RAKHMAT NUR
HAKIM
Kompas.com - 23/01/2018, 08:38 WIB
Presiden Republik Indonesia Joko Widodo (tengah) bersama pimpinan DPP
Partai Golkar membuka Musyawarah Nasional Luar Biasa (Munaslub) Partai
Golkar di JCC, Senayan, Jakarta, Senin (18/12/2017). Munaslub ini dilakukan
untuk memilih ketua umum baru Partai Golkar yaitu Airlangga Hartarto untuk
menggantikan Setya Novanto yang menjadi tersangka kasus pidana korupsi KTP
elektronik.(KOMPAS.com/ANDREAS LUKAS ALTOBELI)
JAKARTA, KOMPAS.com — Janji tinggal
janji. Demikian pernyataan Ketua DPP Partai Amanat Nasional Yandri Susanto
merespons sikap Presiden Joko Widodo yang membiarkan dua menteri di kabinetnya
merangkap jabatan partai.
Dua menteri itu adalah Menteri
Perindustrian Airlangga Hartarto yang merangkap Ketua Umum Partai Golkar,
dan Menteri Sosial Idrus Marham yang juga menjabat Koordinator Bidang
Hubungan Eksekutif dan Legislatif DPP Golkar.
Sikap Presiden yang
"mengistimewakan" Golkar ini berbeda dengan komitmen yang telah
disampaikannya sejak awal pemerintahan. Menteri tak boleh rangkap jabatan agar
fokus pada kerja pemerintahan.
Komitmen ini pula yang membuat Wiranto,
Menteri Koordinator Politik, Hukum, dan Keamanan, melepaskan jabatannya sebagai
ketua umum Partai Hanura.
Demikian pula Puan Maharani, yang
menanggalkan posisinya di struktur kepengurusan DPP PDI-P.
Yandri mengatakan, ia ingat komitmen
politik Presiden Jokowi soal larangan rangkap jabatan.
"Kita ingat betul Pak Jokowi waktu
kampanye dan di awal pemerintahannya ketika memilih para menteri, salah satu
yang Pak Jokowi hindari adalah rangkap jabatan.
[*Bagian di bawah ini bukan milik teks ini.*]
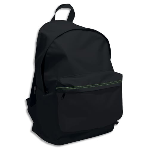 CALIPAGE Sac à dos 1 compartiment (40x29x19cm)+Pochette Laptop (26x21cm). Coloris Noir & surpiqûre Vert

Waktu itu kan Mbak Puan harus
nonaktif (dari PDI-P), Pak Wiranto harus buat Munaslub (Hanura)," ujar
Yandri di Kompleks Parlemen, Senayan, Jakarta, Senin (22/1/2018).
Aturan tak tertulis itu berlaku sejak
terbentuknya Kabinet Kerja.
Selain Wiranto dan Puan, politisi
PDI-P, Tjahjo Kumolo, juga melepaskan jabatan sekjen ketika ditunjuk menjadi
Menteri Dalam Negeri.
Sikap Presiden Jokowi menjadi sorotan
karena "keistimewaan" untuk Golkar tak didapatkan kader dari partai
lain yang duduk di kabinet dan telah mendukung Jokowi sejak masa pencapresan
2014.
Golkar yang baru masuk dalam gerbong
koalisi pendukung pemerintah pada Juli 2016 justru mendapatkan keistimewaan.
Inkonsistensi Jokowi terhadap
komitmennya terlihat sejak Airlangga terpilih sebagai Ketua Umum Golkar.
Saat ditanya wartawan soal rangkap
jabatan Airlangga, mantan Gubernur DKI Jakarta itu kerap menghindar.
Demikian pula ketika wartawan bertanya
kepada Airlangga. Ia mengatakan, hal itu merupakan kewenangan Presiden.
Hal itu berlanjut saat Presiden Jokowi
melantik Idrus Marham sebagai Menteri Sosial menggantikan Khofifah Indar
Parawansa yang mundur karena mengikuti Pilkada Jawa Timur.
Enam hari pascadilantik, nama Idrus ternyata kembali bercokol dalam struktur kepengurusan DPP Partai Golkar.
"Artinya janji tinggal janji,
komitmen tinggal komitmen. Pak Jokowi sendiri yang melanggar," kata
Yandri.
Pengamat politik Point Indonesia, Arief
Nurul Imam, mengatakan, ada cara yang bisa dilakukan Presiden Jokowi agar lepas
dari kritikan atas komitmen yang dilanggarnya.
Caranya, Jokowi harus
menjamin menteri yang rangkap jabatan di kabinetnya menunjukkan kinerja yang
baik dan sesuai target.
Jika Jokowi gagal menjamin kinerja dua
menteri Golkar tersebut, Imam memprediksi hal itu akan menjadi isu yang akan
dimainkan oleh partai oposisi pada 2019.
"Pasti itu akan terus-terusan jadi
bahan oposisi sampai nanti 2019," kata Imam.